++++ DATA EXTRACT ++++
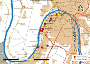 - Le préfet, qui élabore le Plan particulier d'intervention (PPI) pour faire face à un sinistre dont les conséquences dépassent les limites de l’établissement[31]. Le préfet est alors directeur des opérations de secours. La finalité de ce plan de secours est de protéger la population voisine des effets du sinistre. Ce plan, annexé au dispositif ORSEC départemental, définit le rôle de chacun des acteurs du risque majeur en cas d’accident grave. Le PPI est obligatoire pour tous les établissements classés Seveso « seuil haut ». Compte tenu de la densité du tissu industriel, et afin de prendre en compte les effets de réaction en chaîne qui pourraient en résulter, des PPI dits « de zone » ont été arrêtés pour la zone de Rouen, qui concerne vingt établissements dont l'entreprise Lubrizol[32], mais aussi pour les zones du Havre, d'Elbeuf, de Port-Jérôme et de Caudebec-en-Caux.
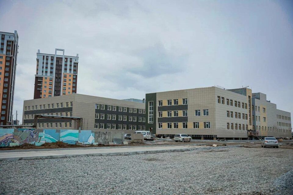 Школа, в которой будут обучаться 990 учеников, строится по нацпроекту «Образование». Это трёхэтажное здание общей площадью 13 070,876 кв. метров.
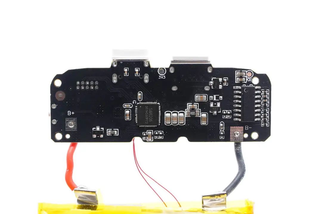 移動電源主控芯片采用智融SW6206。這是一款高集成度的多協(xié)議雙向快充移動電源專用多合一芯片,支持A+A+B+C+L口任意口快充。其集成了5A高效率開關(guān)充電,22.5W高效同步升壓輸出。
++++
What you write must match, line for line, the lines from the one with "Школа, в которой" through the last line of the data above, minus the pictures.

▶ RESULT:
 Школа, в которой будут обучаться 990 учеников, строится по нацпроекту «Образование». Это трёхэтажное здание общей площадью 13 070,876 кв. метров.
 移動電源主控芯片采用智融SW6206。這是一款高集成度的多協(xié)議雙向快充移動電源專用多合一芯片,支持A+A+B+C+L口任意口快充。其集成了5A高效率開關(guān)充電,22.5W高效同步升壓輸出。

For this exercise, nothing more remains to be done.